Ok, this is better. At least we do not recompute a lot of times the same solution, but we still use a lot of stack memory, to handle the recursion. And, at the end of the day, we need to compute **all** the solution to solve this problem, don’t we? Why don’t we use **tabulation **then? if we do so, we can revert to a nice iterative solution!

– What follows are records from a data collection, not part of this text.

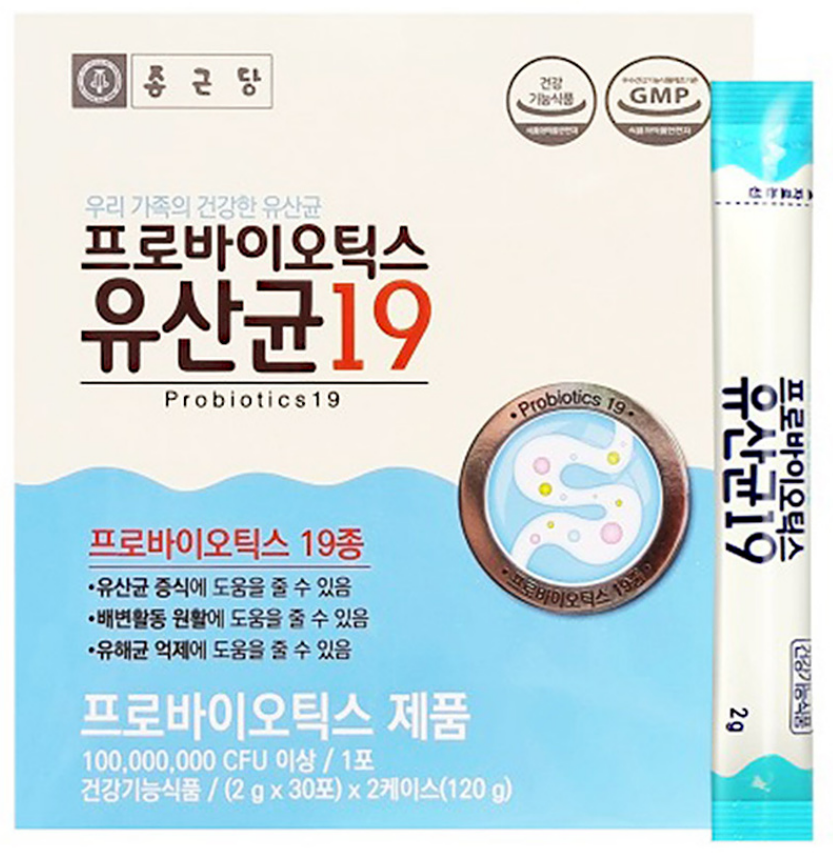 특징: 19종의 프로바이오틱스 균주와 프리바이오틱스를 포함한 제품으로, 균형 잡힌 장 건강을 지원합니다. 가격: 약 36,000원 (60일분)
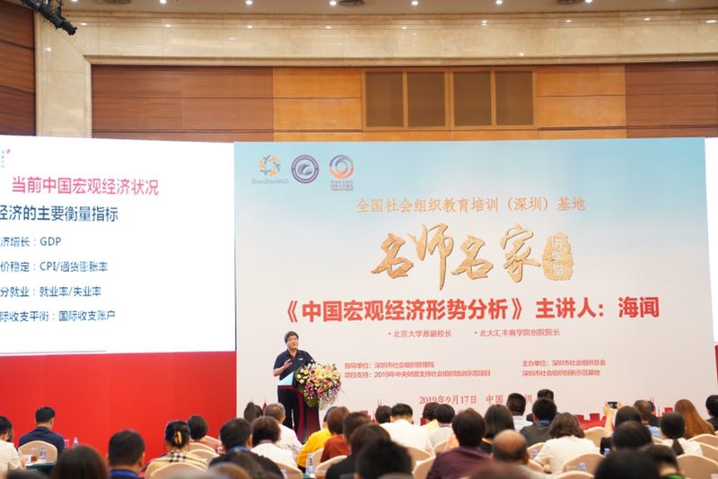 深圳新聞網2019年9月18日訊 9月17日下午,深圳市社會組織總會“名師名家講學堂”在五洲賓館華夏廳再次與大家見面。總會聯合黨委書記陳亞凱與近500名深圳社會組織、企業主要負責人一起,聆聽匯豐商學院創院院長海聞教授主講《中國宏觀經濟形勢分析》。
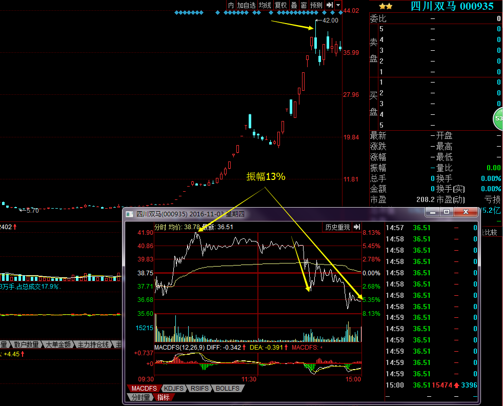 四川雙馬2016/12/5,雖然股價跌破20日線有過兩次反彈,但總體來看,給參與的機(jī)會并不多,如果是短線打板選手,可以說并沒有給肉吃的,漲停后的日日也僅僅是有個小高開罷了。
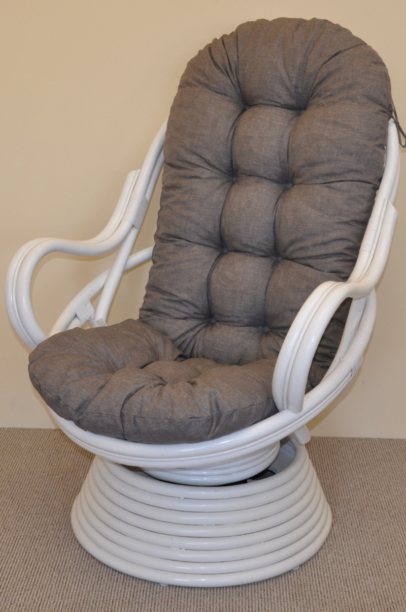 Ratanové houpací křeslo Swivel bílé polstr šedý melír
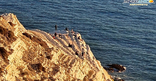 La Scala dei Turchi dovrebbe essere off limits per i visitatori visto che è anche transennata dopo gli ultimi crolli. Ma la gente se ne frega e, giornalmente, infatti, si notano decine e decine di persone lungo la marna bianca. L'associazione ambientalista, Mareamico, che tiene sempre d'occhio uno dei siti più belli della penisola, nel pomeriggio di oggi, intorno alle 17,30, ha immortalato diverse persone che se ne stavano tranquillamente a passeggiare lungo la Scala dei Turchi.
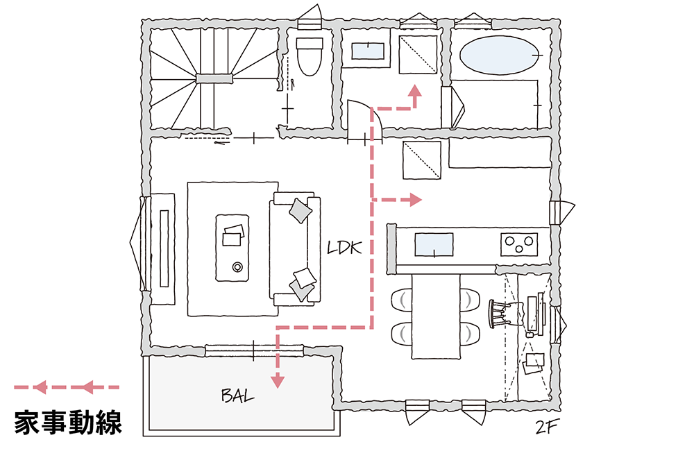 お料理や洗濯をしながらの「ながら家事」で、家事に費やす時間を短縮して、自分時間が増えるように、キッチン・洗濯室・バルコニーを、2階のワンフロアにまとめました。重い洗濯物を持って、階段を上り下りする事のない、ストレスフリーな家事動線です。
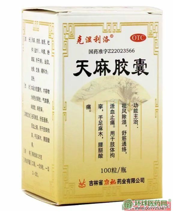 - 天麻胶囊克温利洛 批准文号: 国药准字Z22023566规 格: 每粒装0.25克
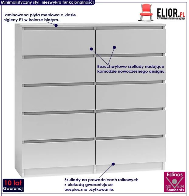 Przedstawiamy Ci zachwycającą komodę Noel 2X z kolekcji Martis marki Elior. Produkty Elior charakteryzują się wyrazistym designem i dbałością o każdy szczegół mebla, a wdzięk i nowoczesność, jak również mocna i stabilna konstrukcja, to cechy najnowszego mebla Rossa. Komoda wykonana została z laminowanej płyty meblowej o klasie higieny E1, uszlachetnionej cienkimi filmami melaminowymi. Posiada także specjalne włókna ułożone różnokierunkowo o strukturze sinusoidalnej, co zapewnia nadanie jej cech jakościowych oraz wytrzymałościowych. Dla zwiększenia wytrzymałości i trwałości mebla, obrzeża komody wykończono odpornym na uszkodzenia mechaniczne tworzywem PCV. Szuflady na prowadnicach rolkowych z blokadą są gwarancją wygodnego i przede wszystkim bezpiecznego użytkowania. Bezuchwytowe fronty podkreślają nowoczesny i modernistyczny styl mebla. Dziesięć pojemnych szuflad jest wyjątkowo praktycznych i zapewnia komfortowe przechowywanie np. odzieży czy dodatków. Stonowana kolorystyka i prosta forma sprawiają, że komoda Rossa doskonale sprawdza się we wnętrzach urządzonych w stylu skandynawskim, jak też minimalistycznym czy nowoczesnym. Świetnie nadaje się także do wnętrz dziecięcych czy młodzieżowych. Stwórz w swoim domu niepowtarzalny i ciepły klimat z szafką marki Elior!

private static int fib(int val) { if (val == 0 || val == 1) return 1; int fibs[] = new int[val+1]; fibs[0] = 1; fibs[1] = 1; for (int i=2; i<=val; i++) fibs[i] = fibs[i-1] + fibs[i-2]; return fibs[val]; }

Ah, that’s better! No more recursion, a plain iterative process going on, just a bit of memory used for our table. But wait… can we do any better? Do we really need the whole table? **Can we do better than Dynamic Programming? **

private static int fib(int val) { int prev = 0; int curr = 1; for (int i=2; i<=val; i++) { int next = curr + prev; prev = curr; curr = next; } return curr; }

**Oh yeah 🙂** We just need to keep the last two values, n-1 and n-2: job done!

## Conclusions (?)

DP was useful to think out the best algorithm, it was instrumental to discover it but, then, well, we needed that plain old spark of genius that not all of us have (certainly not me!) and some help has been very welcome. But without DP (and without a bigger spark) we would never easily found out an O(n) elegant and efficient solution: so it helps knowing about it. And sometimes some problems are really not solvable without DP, so please do not underestimate it!

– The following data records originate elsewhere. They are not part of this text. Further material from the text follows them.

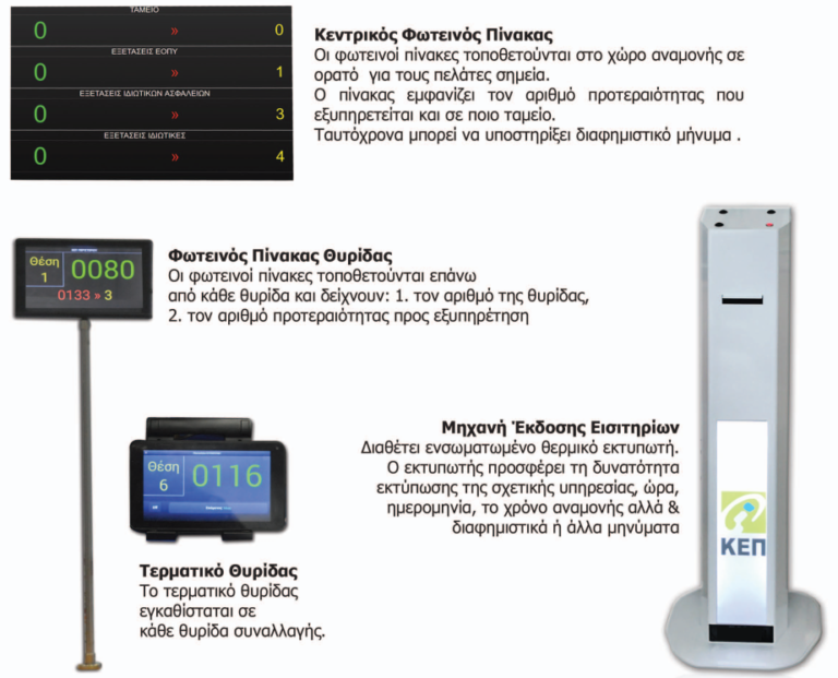 Περιλαμβάνει: Αποτύπωση αναγκών, καλωδιακής υποδομής και σημείων εξυπηρέτησης. Τοποθέτηση οθόνης σε τοίχο και καλωδίωση όπου κρίνεται απαραίτητο. Τοποθέτηση, εγκατάσταση και παραμετροποίηση εκδοτηρίου.
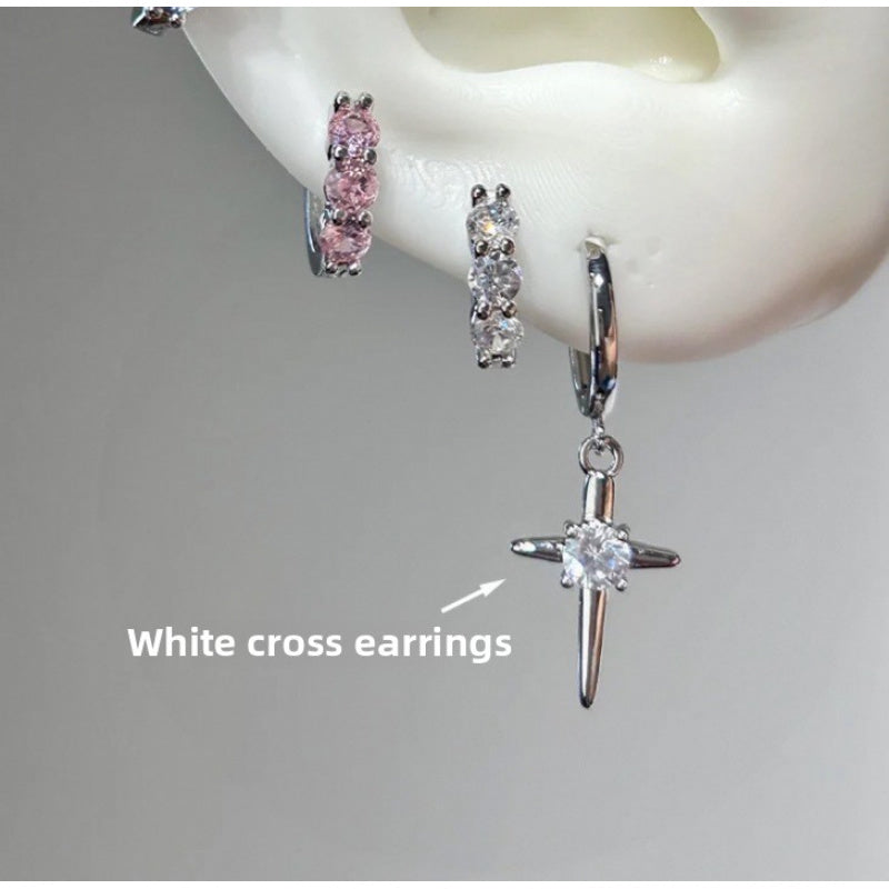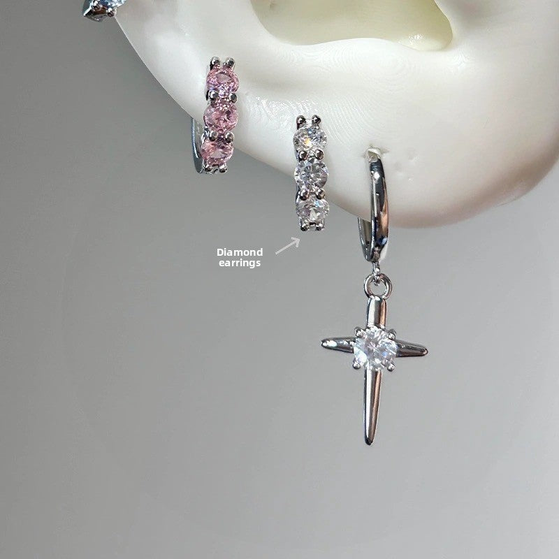 Sweet Cool Style Super Shiny Cross Earrings Cool Korean Sweet Temperament Double Ear Hole Ear Jewelry
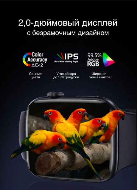 Самая последняя и актуальная модель смарт часов 8 серии по состоянию на конец 2022 года! По-настоящему тонкие рамки, большой Full Screen дисплей 2,0" IPS с отличным разрешением 420*485 и четкой картинкой, ультра-быстрый сенсор, плавная анимация, новый производительный процессор, звонки по Bluetooth и уведомления из социальных сетей и мессенджеров.
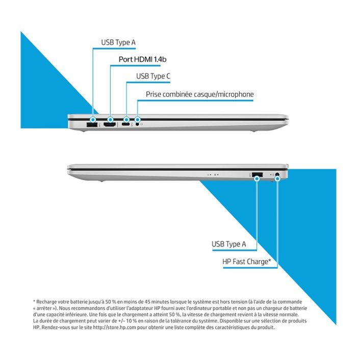 | Caractéristiques complémentaires | HP Fast ChargeLorsque la batterie de votre ordinateur portable est faible, vous ne souhaitez pas attendre des heures avant qu’elle soit rechargée. Éteignez votre appareil et passez de 0 à 50 % de charge en 45minutes environ.Jusqu’à 7 heures et 15 minutes41WhPanneau antirefletsGrâce à ce panneau anti reflets, vous pouvez profiter du soleil tout en utilisant votre ordinateur. Utilisez votre ordinateur en extérieur grâce àl'écran anti refletDoubles haut-parleursProfitez pleinement de votre musique, de vos films ou de vos jeuxpréférés grâce aux doubles haut-parleurs stéréoClavier pleine taille avec pavé numérique intégréLe clavier pleine taille avec pavé numérique intégré vous permet detaper confortablement et d'augmenter la productivité avec unecourse de touche de 1,5 mm |

Let me know if you are interested in this stuff, I can post more 🙂

Hi Bruno,

I think there’s a typo:

when you solve a DP problem using memoization you do it by maintaining a map if already solved subproblem:

should be

when you solve a DP problem using memoization you do it by maintaining a map OF already solved subproblem:

BTW, very interesting article.

Thx, typo fixed 🙂

Hi Bruno,

in the tabulated version you can remove the

if (val == 0 || val == 1)

return 1;

🙂

Don’t let a programmer do the work of a mathematician

public class Fibonacci {

static double sqrt5 = Math.sqrt(5);

static double phi = (1 +sqrt5)/2;

public static long fibonacci(int n) {

return (long) Math.floor((Math.pow(phi, n)/sqrt5 + 0.5));

}

public static void main(String[] args) {

for(int i=0;i “+fibonacci(i));

}

}

Well, it works at a point.

Fib(76) = 3416454622906707 but this formula will compute 3416454622906716

That is because Java use finite number approximation for primitive numbers (ie.32 64 bit) .

That’s not happen with python as example, if you want the same with java you have to use the wrappers of Numbers like BigDecimal.